It was nighttime. The next stage of the puzzle hunt started, and we were told to go to a certain restaurant.

Our team was the last to enter. Once we sat down at our assigned table, two waiters started giving every team the menus.

[ MENU ]

Only cash in the form of Puzzling dollars is accepted.

MOUND ---- Puzzling moneys1.48

Dinner dish commonly seen in some regions of Norway. Lamb ribs in the spotlight, and some rutabaga, potatoes, and sausages.

ORIGIN ---- Puzzling moneys9.70

Swedish rye bread with molasses, brown sugar, and spices. May also incorporate wort, butter, raisins/prunes, or orange peel.

PASSAGE ---- Puzzling moneys7.03

Poultry consumed by indigenous American ethnic groups; the typical main course in Thanksgiving feasts (may be stuffed).

FLABBY ---- Puzzling moneys3.60

A Dutch pastry with almond paste filling. May be served in individual slices, or in whole, shaped into a letter (usually an S).

PASSWORD ---- Puzzling moneys4.45

Anise-flavored biscuit from southern Germany with a detailed pattern popping right out! Crunchy outside, chewy inside.

ARREST ---- Puzzling moneys3.96

Latin American slow-roasted pork leg/shoulder, marinated a day before with spices, salt, and sofrito (garlic, onion, pepper).

REPUBLIC ---- Puzzling moneys6.34

Venezuelan corn dough with filling varying daily (but constantly has beef/pork/chicken stew, raisins, capers, and olives).

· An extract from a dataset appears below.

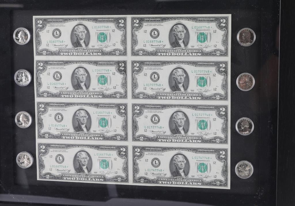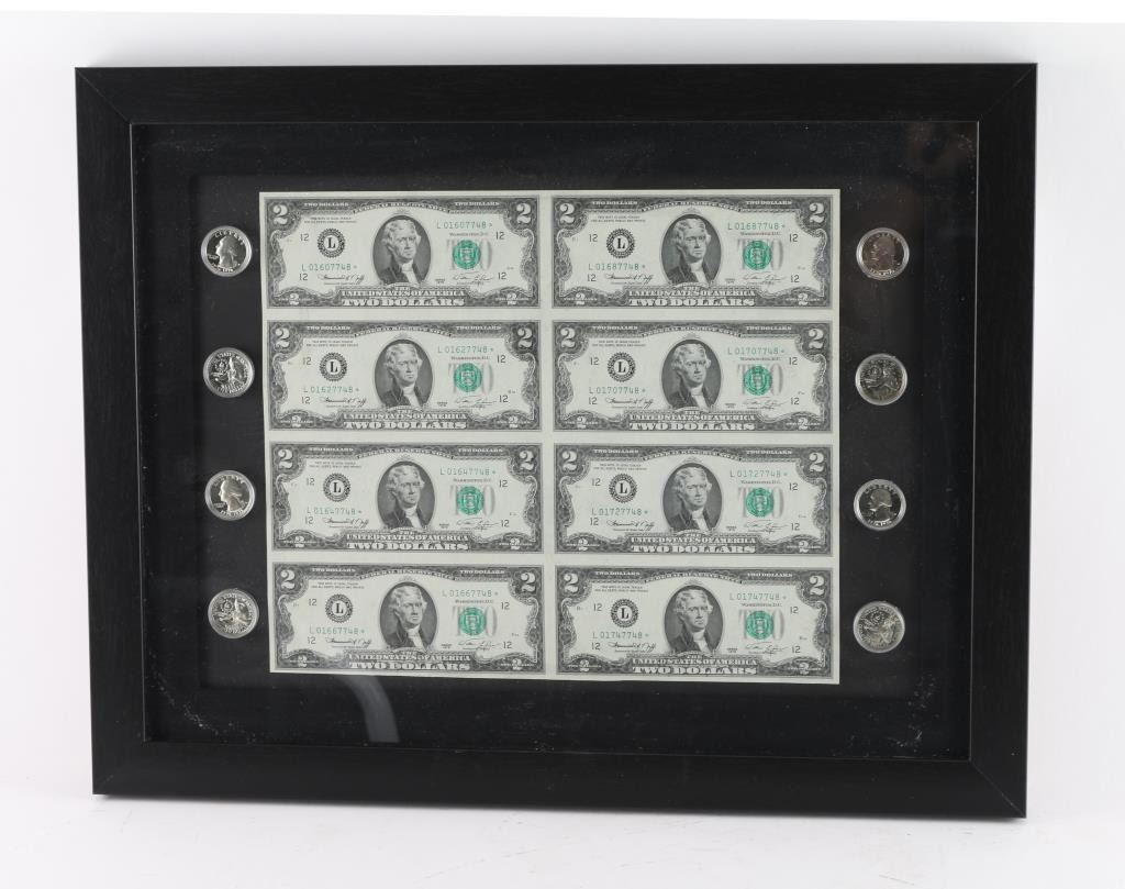 All coins in mint condition, with 20$ uncut sheet. Bills and coins are dated 1976.Framed and matted ihn wood frame.
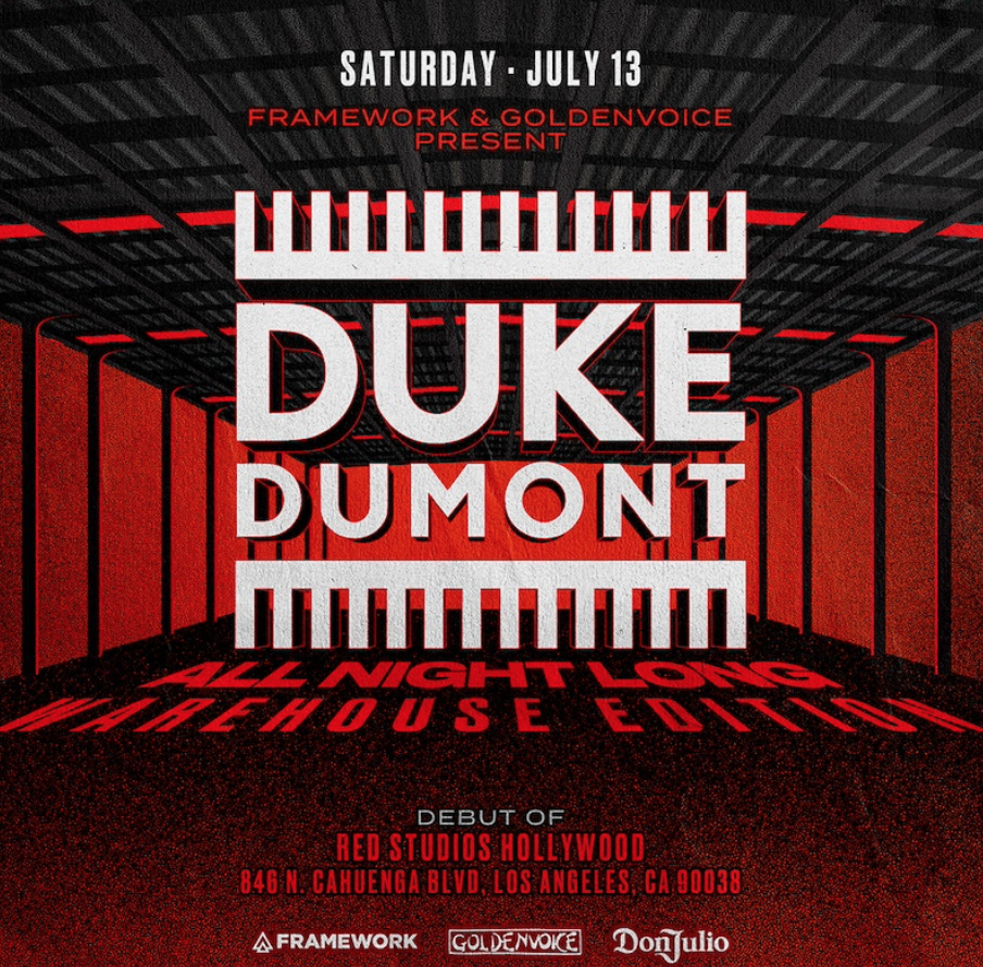 On the upcoming Duke Dumont All Night Long (Warehouse Edition), Framework co-founder Kobi Danan says, “At Framework, we like to transform gems across Los Angeles into unforgettable experiences. Red Studios isn't just a venue, it's a century of cinematic history located in our backyard, Hollywood. Presenting Duke Dumont with Goldenvoice will be the perfect way to debut this new historic venue space.”

THROUGH ---- Puzzling moneys4.83

An Italian-Sammarinese cake eaten all year. Includes honey, cornmeal, bread crumbs, figs, raisins, apples, and citrus rinds.

🎜🎝 62242(_?_) 🎜🎝

I noticed that the waiters had the same name displayed on their name cards. Their appearances were even a bit similar... they're twin brothers, aren't they?

Then, the waiters introduced themselves.

"Hi guys, I'm Ben." "And I'm... also Ben."
"And today we'll be at your service.

To pass this stage of the puzzle hunt, you need to tell us the food item that is hidden in the menu we gave you. And not only that - in return, we will give you servings of the actual food item."

"You heard that right! We prepared it for you. After you figure out what the food is, you get to actually eat it. It's yummy, we promise."

"So go solve now, so you can get the food while it's still hot!"

This better be worth the solve, then. If the food item turns out to be something like blood sausage then I might just quit.

Question: What Christmas delicacy, commonly associated with one country but found in at least three, is hidden in the menu?

Hint 1:

sean47's discovery is correct. But that implies the order of things in the menu is wrong. I mean, why aren't "password" and the description for pinnekjott partnered together? So perhaps we should put them in the right order, then? But which right order?

Hint 2:

Blood-sausage hater here. I'm sorry I didn't tell you guys my observations sooner. It's supposed to be my duty as part of the team. I had noticed that for each meal, both the word, price, and the meal description were printed on paper. The word and price have been glued to the menu, while the description is placed in a transparent plastic slot. It seems like I can take it out...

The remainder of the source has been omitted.